Minio is an open-source cloud object storage server which follows Amazon S3 protocol and at times, referred to as an Open-Source Amazon S3 alternative, which is available for anyone on internet for free to deploy on their machines.
Setup
System configuration (VM/Instance)
The system configuration selected for the task is as mentioned below :
- 6 cores CPUs
- 10 GB memory (RAM)
- 200 GB Disk Size (ROM)
It should be fine even if your machine configurations are lower the one used here.
Downloading Minio Server and Client
Minio Server
Follow the steps below to setup Minio Server :
# Downloading Minio binary and copying to /opt
sudo wget -O /opt/minio https://dl.minio.io/server/minio/release/linux-amd64/minio
# Changing the file permission of binary to mark as executable
sudo chmod +x /opt/minio
# Creating a symbolic link to /usr/local/bin to make the file executable from any path
sudo ln -s /opt/minio /usr/local/bin/
# Making the data directory for storing the objects/data for minio server
mkdir ./data
# Running the Minio server with the data directory parameter
minio server ./data
Minio Client
Follow the steps below to setup Minio Client :
# Downloading minio binary and copying to /opt
sudo wget -O /opt/mc https://dl.minio.io/client/mc/release/linux-amd64/mc
# Changing the file permission of binary to mark as executable
sudo chmod +x /opt/mc
# Creatin a symbolic link to /usr/local/bin to make the file executable from any path
sudo ln -s /opt/mc /usr/local/bin
# Executing the command with help parameter to ensure that installation was a success
mc --help
Loading Sample Data
Follow the steps below how to load a Sample Data to S3 using Minio Client :
# Downloading the sample data of TotalPopulationBySex.csv from UN
wget -O TotalPopulation.csv "https://esa.un.org/unpd/wpp/DVD/Files/1_Indicators%20(Standard)/CSV_FILES/WPP2017_TotalPopulationBySex.csv"
# Compressing the csv file
gzip TotalPopulation.csv
# Creating a new bucket
mc mb data/mycsvbucket
# Copying the compressed file inside bucket
mc cp TotalPopulation.csv.gz data/mycsvbucket/
Setting up Java Environment for Spark Shell
# Adding ppa to local repository
sudo add-apt-repository ppa:webupd8team/java
# Updating repository archives
sudo apt update
# Installing Oracle Java8
sudo apt install -y oracle-java8-installer
# Verifying the java installation
javac -version
# Setting Oracle Java8 as default (In case of multiple java versions)
sudo apt install -y oracle-java8-set-default
# Setting up environment variable (Also, add this to the `~/.bashrc` file to apply for next boot)

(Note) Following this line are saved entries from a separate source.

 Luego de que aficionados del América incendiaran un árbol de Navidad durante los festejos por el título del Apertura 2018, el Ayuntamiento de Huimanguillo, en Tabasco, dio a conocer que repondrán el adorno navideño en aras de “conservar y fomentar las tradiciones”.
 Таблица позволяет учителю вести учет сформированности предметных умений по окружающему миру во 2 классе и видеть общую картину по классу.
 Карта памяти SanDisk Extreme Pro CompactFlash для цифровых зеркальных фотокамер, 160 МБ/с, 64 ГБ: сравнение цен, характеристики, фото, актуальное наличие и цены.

export JAVA_HOME=/usr/lib/jvm/java-8-oracle
export PATH=$PATH:$JAVA_HOME/bin
Installation of Apache Spark and Hadoop
Steps to install Apache Spark is as follow :
# Download Spark v2.3.0 without Hadoop
wget http://archive.apache.org/dist/spark/spark-2.3.0/spark-2.3.0-bin-without-hadoop.tgz
# Extracting the compressed file
sudo tar -C /opt/ -xvf spark-2.3.0-bin-without-hadoop.tgz
# Setting up environment variable (Also, add this to the `~/.bashrc` file to apply for next boot)

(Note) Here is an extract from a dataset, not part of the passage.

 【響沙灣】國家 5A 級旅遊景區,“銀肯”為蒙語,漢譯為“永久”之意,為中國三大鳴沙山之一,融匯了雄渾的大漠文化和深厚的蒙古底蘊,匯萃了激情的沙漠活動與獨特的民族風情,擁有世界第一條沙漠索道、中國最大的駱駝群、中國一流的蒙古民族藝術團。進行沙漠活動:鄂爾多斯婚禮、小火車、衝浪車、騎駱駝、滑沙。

export SPARK_HOME=/opt/spark-2.3.0-bin-without-hadoop
export PATH=$PATH:$SPARK_HOME/bin
Steps to install Apache Hadoop is as follow :
# Download Hadoop v2.8.2
wget https://archive.apache.org/dist/hadoop/core/hadoop-2.8.2/hadoop-2.8.2.tar.gz
# Extracting the compressed file
sudo tar -C /opt/ -xvf hadoop-2.8.2.tar.gz
# Setting up environment for Hadoop
export HADOOP_HOME=/opt/hadoop-2.8.2
export PATH=$PATH:$HADOOP_HOME/bin
export SPARK_DIST_CLASSPATH=$(hadoop classpath)
export LD_LIBRARY_PATH=$HADOOP_HOME/lib/native
Setting up Minio Server endpoint and credentials
Open the file $HADOOP_HOME/etc/hadoop/core-site.xml for editing. In the example XML file below, Minio server is running at http://127.0.0.1:9000 with access key minio and secret key minio123. Make sure to update relevant sections with valid Minio server endpoint and credentials.
<?xml version="1.0" encoding="UTF-8"?>
<?xml-stylesheet type="text/xsl" href="configuration.xsl"?>
<configuration>
<property>
<name>fs.s3a.endpoint</name>
<description>AWS S3 endpoint to connect to. An up-to-date list is
provided in the AWS Documentation: regions and endpoints. Without this
property, the standard region (s3.amazonaws.com) is assumed.
</description>
<value>http://127.0.0.1:9000</value>
</property>
<property>
<name>fs.s3a.access.key</name>
<description>AWS access key ID.</description>
<value>minio</value>
</property>
<property>
<name>fs.s3a.secret.key</name>
<description>AWS secret key.</description>
<value>minio123</value>
</property>
<property>
<name>fs.s3a.path.style.access</name>
<value>true</value>
<description>Enable S3 path style access ie disabling the default virtual hosting behaviour.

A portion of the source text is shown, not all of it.